Is prophylactic psychiatry around the corner?: combating adolescent oxidative stress for adult psychosis and schizophrenia

Akira Sawa 1,*, Larry J Seidman 2
PMCID: PMC8924824  NIHMSID: NIHMS1695458  PMID: 25189204

Abstract

Early detection and intervention are key principles in clinical medicine and psychiatry. In this issue of Neuron, Cabungcal et al. (2014) demonstrate that prophylactic treatment with antioxidants in adolescence prevent adult deficits in a rat model relevant to schizophrenia.


Schizophrenia (SZ) is a heterogeneous clinical syndrome with typical onset in late adolescence and early adulthood. SZ is typically characterized by psychotic experiences such as hallucinations and delusions, as well as deficits in emotion, motivation, social and cognitive functions. The disease course and outcome is frequently chronic and devastating. Thus, this severe psychiatric condition has been a major subject of study in psychiatry and neuroscience. Although the onset of SZ occurs, in most cases, after puberty, many lines of evidence indicate that the primary risks for the disease emerge during earlier neurodevelopment (Insel, 2010).

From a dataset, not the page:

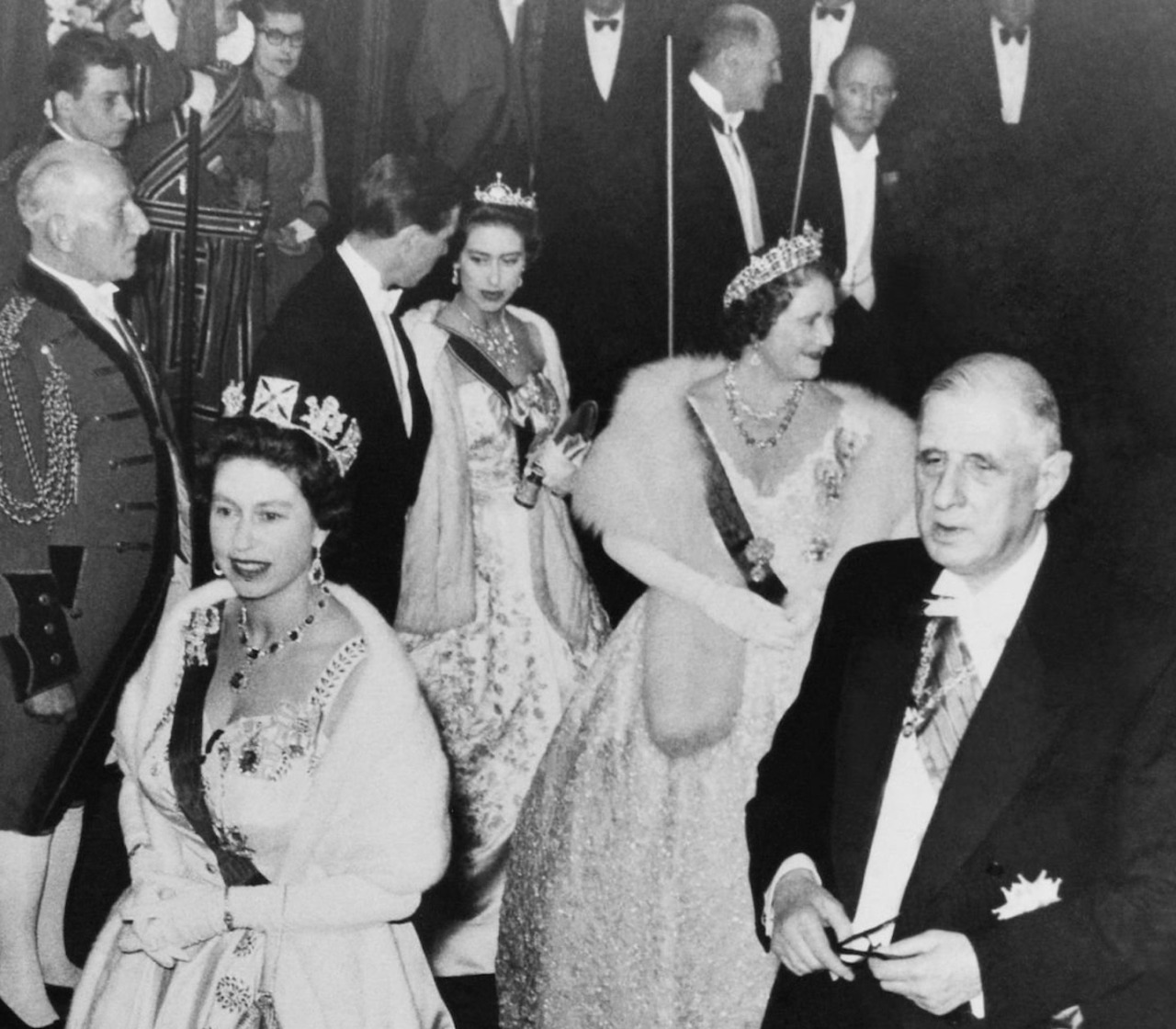 The following evening, the Queen wearing the George IV State Diadem with the King George VI Sapphire Suite), President de Gaulle, the Duke of Edinburgh, Madame de Gaulle, and Queen Elizabeth, the Queen Mother (in the Greville Tiara) attended a glittering Gala Performance at the Royal Opera House in Covent Garden. Other royal attendees included Princess Margaret (wearing the Lotus Flower Tiara), Antony Armstrong-Jones, the Duke and Duchess of Gloucester (in the Teck Turquoise Tiara and Parure), the Duchess of Kent (wearing the Cambridge Sapphire Parure), and Princess Alexandra (in Queen Mary’s Crochet Bandeau).

To overcome the high social burden of this difficult condition, two contrasting approaches are currently utilized. Given that SZ is highly heritable, large-scale genetic and genomic studies have taken place, and over 100 genetic risk loci for the disease have been identified (Schizophrenia Working Group of the Psychiatric Genomics, 2014). This genetic information can be a promising lead to build pathophysiological hypotheses that are to be tested in the near future. In contrast to such a bottom-up approach focused on molecular etiology, is a “top-down” strategy, in which detailed and multifaceted phenotypic analyses are undertaken with patients, ideally in a longitudinal study design. Such analyses range from clinical measures such as symptoms and cognition to magnetic resonance imaging (MRI) measures of brain chemistry and molecular profiling with specimens obtained from patients via biopsy. These two approaches are complementary and mutually beneficial.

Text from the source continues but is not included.